Recorded information:
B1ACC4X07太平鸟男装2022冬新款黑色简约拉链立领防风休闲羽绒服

==

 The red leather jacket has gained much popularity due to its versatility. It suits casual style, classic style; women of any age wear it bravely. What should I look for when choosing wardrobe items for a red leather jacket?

...

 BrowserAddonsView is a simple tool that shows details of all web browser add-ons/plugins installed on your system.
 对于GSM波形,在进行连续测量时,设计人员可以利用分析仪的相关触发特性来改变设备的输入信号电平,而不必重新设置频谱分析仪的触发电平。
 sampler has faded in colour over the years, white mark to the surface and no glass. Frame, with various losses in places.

What you need to do: Beginning with the line containing "对于GSM波形,在进行连续测" in the material above, copy every line exactly until you have copied the line containing "sampler has faded".

Exercise result:
 对于GSM波形,在进行连续测量时,设计人员可以利用分析仪的相关触发特性来改变设备的输入信号电平,而不必重新设置频谱分析仪的触发电平。
 sampler has faded in colour over the years, white mark to the surface and no glass. Frame, with various losses in places.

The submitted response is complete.